┌─ The data

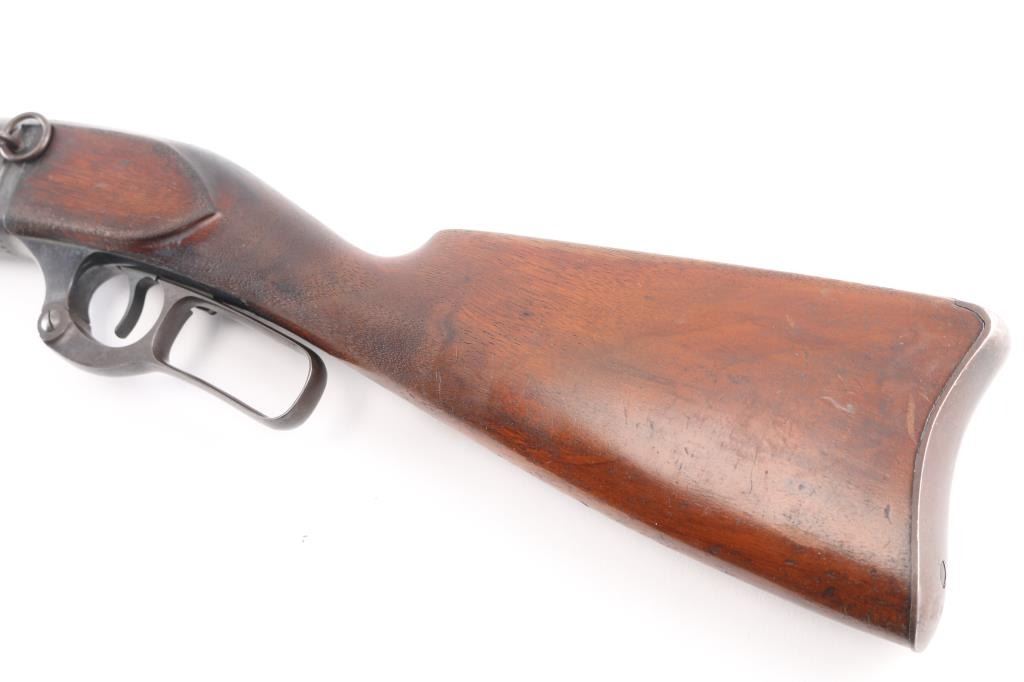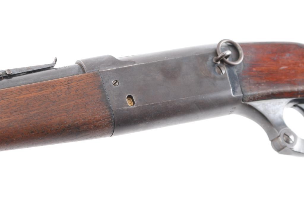 Rare Savage Model 1899 saddle ring carbine, also known as the 1899-F, was manufactured by Savage Arms Company from 1899 to 1922. This one in 1913. Also a rare caliber, production numbers in .32-40 were fairly low and it was dropped in 1917. 20" round barrel, original, dovetailed front blade/white bead , Savage marked adjustable rear sights. five shot rotary magazine with 0-5 brass cartridge counter with window on the left receiver, manual safety in triggerguard, cocking indicator. Bore is very good/bright, strong rifling, straight stock with crescent steel buttplate, schnabel tipped forearm, blue has dulled somewhat with some areas turning a brown patina, edge handling wear but mostly all there, wood is very good/sound with minor scratches/dings.NRA Condition-Good++. C&R Firearm.
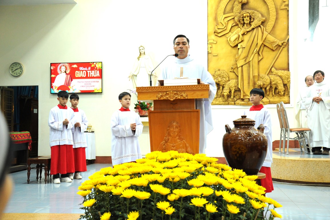 Trong giờ phút linh thiêng đón Giao Thừa, cộng đoàn Giáo xứ quy tụ về ngôi thánh đường thân thương để hiệp cùng Giáo hội Việt Nam tạ ơn Thiên Chúa vì năm cũ đã qua, cầu bình an cho năm mới và phó thác gia đình trong tay Chúa. Đây là dịp nhìn lại muôn ơn lành, dâng lên Chúa những vui buồn, khó khăn, đồng thời xin Ngài chở che và chúc lành cho năm mới.
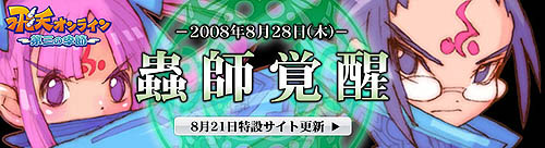 株式会社ガマニアデジタルエンターテインメント(本社:東京都品川区、代表取締役兼CEO :劉 柏園、http://www.gamania.co.jp/ 以下「ガマニア」)の運営するオンラインゲームサービス「飛天オンライン」では、8 月28 日の実装に先駆けて公開している、新職業「蟲師」特設サイトの情報更新と、カウントダウンキャンペーンの実施をお知らせいたします。
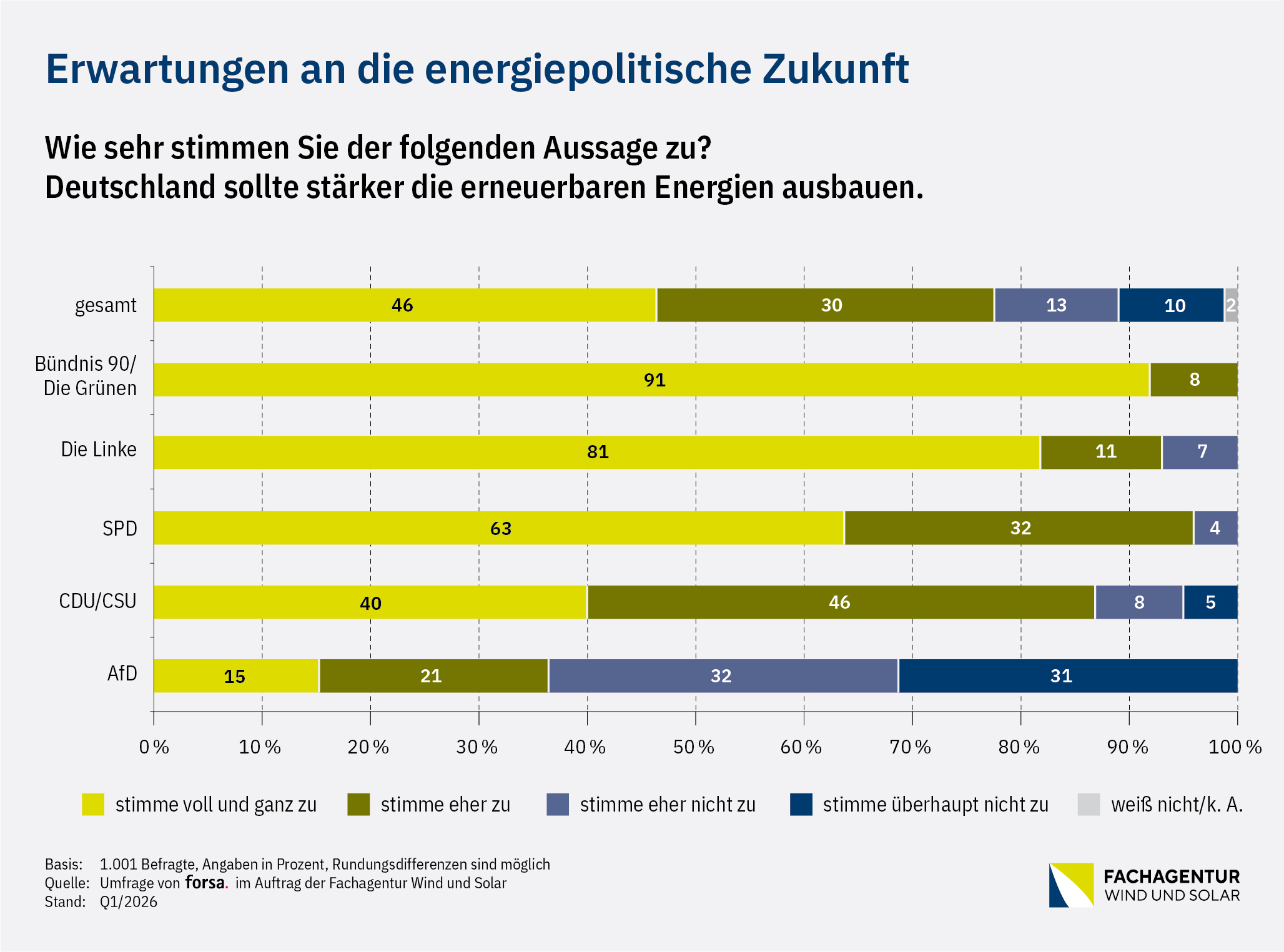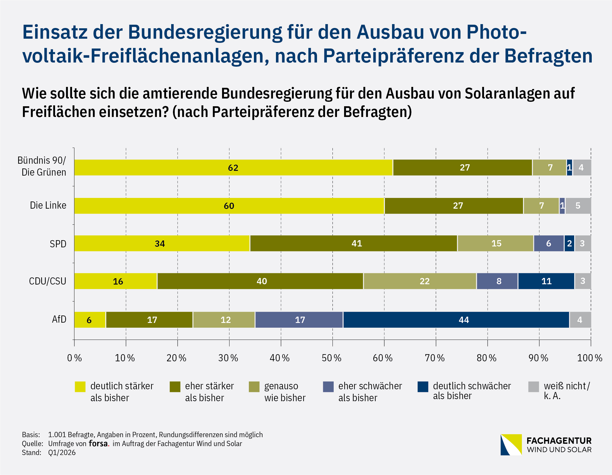Die repräsentative Umfrage wurde vom Meinungsforschungsinstitut forsa im Auftrag der Fachagentur Wind und Solar im Zeitraum vom 11. bis zum 23. März 2026 durchgeführt. Bundesweit wurden insgesamt 1.001 Menschen über 18 Jahre über ein repräsentatives digitales Onlinepanel mittels Fragebogen befragt.

└─

- _Action item_: Please retype the material above exactly, and omit its images.

- _Solution to this problem_:
 Rare Savage Model 1899 saddle ring carbine, also known as the 1899-F, was manufactured by Savage Arms Company from 1899 to 1922. This one in 1913. Also a rare caliber, production numbers in .32-40 were fairly low and it was dropped in 1917. 20" round barrel, original, dovetailed front blade/white bead , Savage marked adjustable rear sights. five shot rotary magazine with 0-5 brass cartridge counter with window on the left receiver, manual safety in triggerguard, cocking indicator. Bore is very good/bright, strong rifling, straight stock with crescent steel buttplate, schnabel tipped forearm, blue has dulled somewhat with some areas turning a brown patina, edge handling wear but mostly all there, wood is very good/sound with minor scratches/dings.NRA Condition-Good++. C&R Firearm.
 Trong giờ phút linh thiêng đón Giao Thừa, cộng đoàn Giáo xứ quy tụ về ngôi thánh đường thân thương để hiệp cùng Giáo hội Việt Nam tạ ơn Thiên Chúa vì năm cũ đã qua, cầu bình an cho năm mới và phó thác gia đình trong tay Chúa. Đây là dịp nhìn lại muôn ơn lành, dâng lên Chúa những vui buồn, khó khăn, đồng thời xin Ngài chở che và chúc lành cho năm mới.
 株式会社ガマニアデジタルエンターテインメント(本社:東京都品川区、代表取締役兼CEO :劉 柏園、http://www.gamania.co.jp/ 以下「ガマニア」)の運営するオンラインゲームサービス「飛天オンライン」では、8 月28 日の実装に先駆けて公開している、新職業「蟲師」特設サイトの情報更新と、カウントダウンキャンペーンの実施をお知らせいたします。
Die repräsentative Umfrage wurde vom Meinungsforschungsinstitut forsa im Auftrag der Fachagentur Wind und Solar im Zeitraum vom 11. bis zum 23. März 2026 durchgeführt. Bundesweit wurden insgesamt 1.001 Menschen über 18 Jahre über ein repräsentatives digitales Onlinepanel mittels Fragebogen befragt.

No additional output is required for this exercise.